The federal Family and Medical Leave Act (FMLA) of 1993 allows employees at companies of 50 employees or more to keep their benefits while taking an unpaid leave to care for their own serious medical condition, that of a child, parent or spouse, or to care and bond with a newborn child or child newly adopted or newly placed in their foster care.
Now 25 years old, the law has been a big step in preserving stability for families facing illness. Employers should be well familiar with its details. Employees certainly are. More of them are filing suit in federal court when they feel their rights have been violated by misapplication of the law.
While pregnancy leave in California is also covered by the California Family Rights Act (CFRA), this post covers leaves under the federal law. There are three components for eligibility: companies must have 50 employees or more, that work in locations within 75 miles. To take advantage of a leave, the employee needs to have worked for 12 months in the preceding seven years, and at least 1,250 hours in the proceeding 12 months. Under this calculation, many part-time employees qualify for FMLA, something some employers tend to overlook, thinking it only applies to full-time employees. Even if employees do not receive health care benefits (which remain in force during the unpaid leave), part-time employees can take advantage of the law to ensure they can return to their jobs when their leave expires.
Employers can and should ask employees to complete a certification process. That is, they can require that a physician fill out a form attesting to the employee’s illness or incapacitation, or that of the family member they are caring for. This can and should be an innocuous document; it doesn’t need to detail a specific medical condition, and no medical records are required to be submitted to the employer.

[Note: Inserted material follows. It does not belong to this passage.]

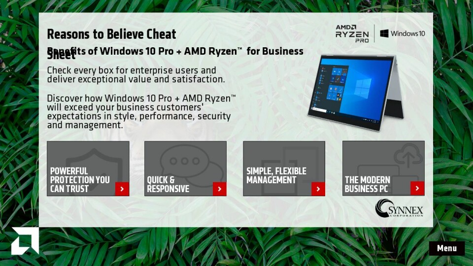 Discover how Windows 10 Pro + AMD Ryzen™ will exceed your business customers' expectations in style, performance, security and management.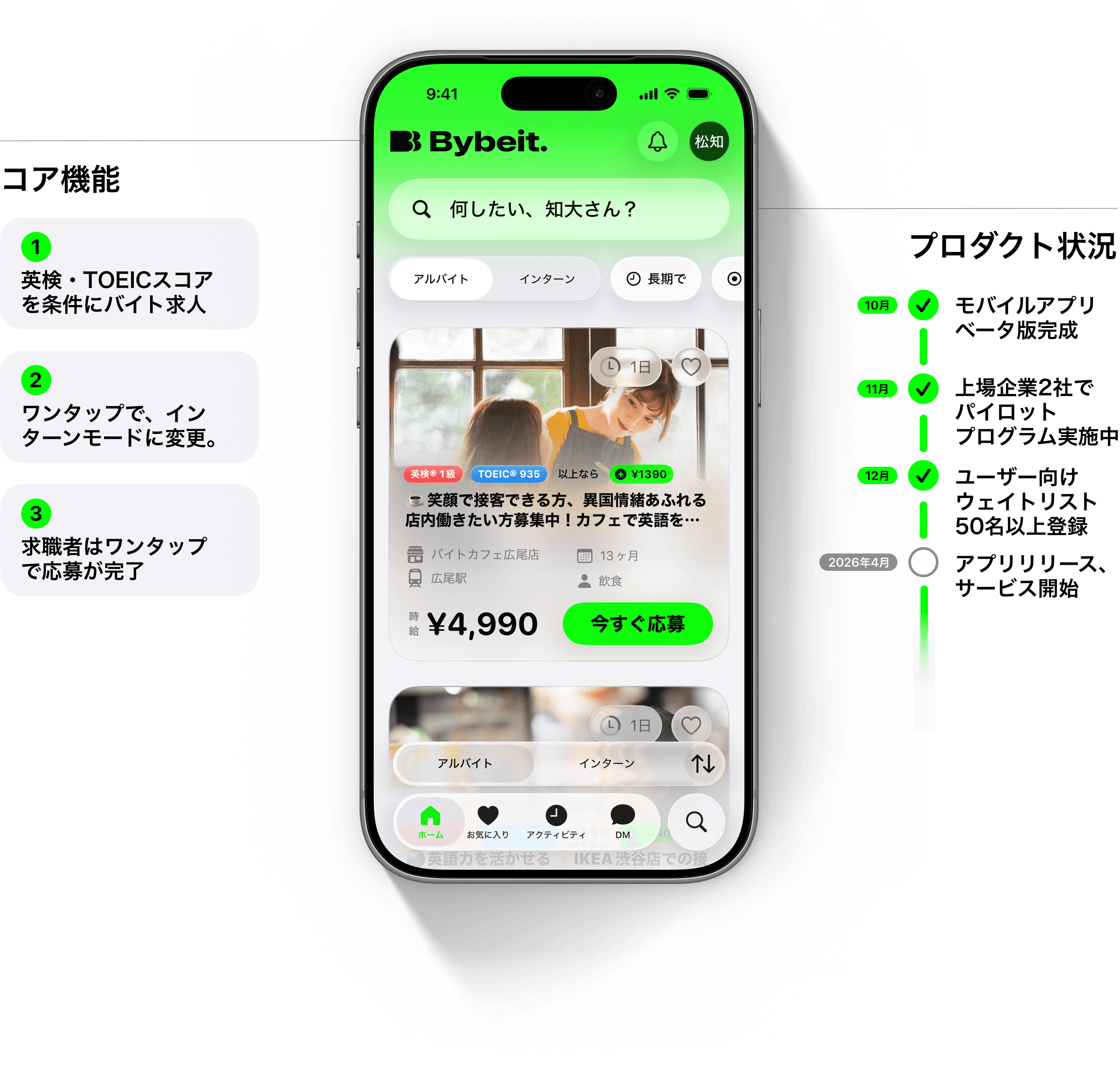 作ったのは、大学生の入学から就活までをカバーする求人のトータルソリューション。一つのアプリ、同じプロフィールでアルバイト・インターンを掲載企業様とマッチします。

Things can get tricky when an employee has existing sick leave, vacation time, or paid time off (PTO). The law permits an employee to elect, or the employer to require the employee, to use accrued paid vacation leave, paid sick or family leave for some or all of the FMLA leave period.
Employers should outline their specific policy regarding FMLA in its employee handbook. Employees considering leave should be encouraged to first discuss the topic with HR, rather than their manager, as HR professionals will likely better understand the law and can guide both employee and manager in structuring and approving leaves.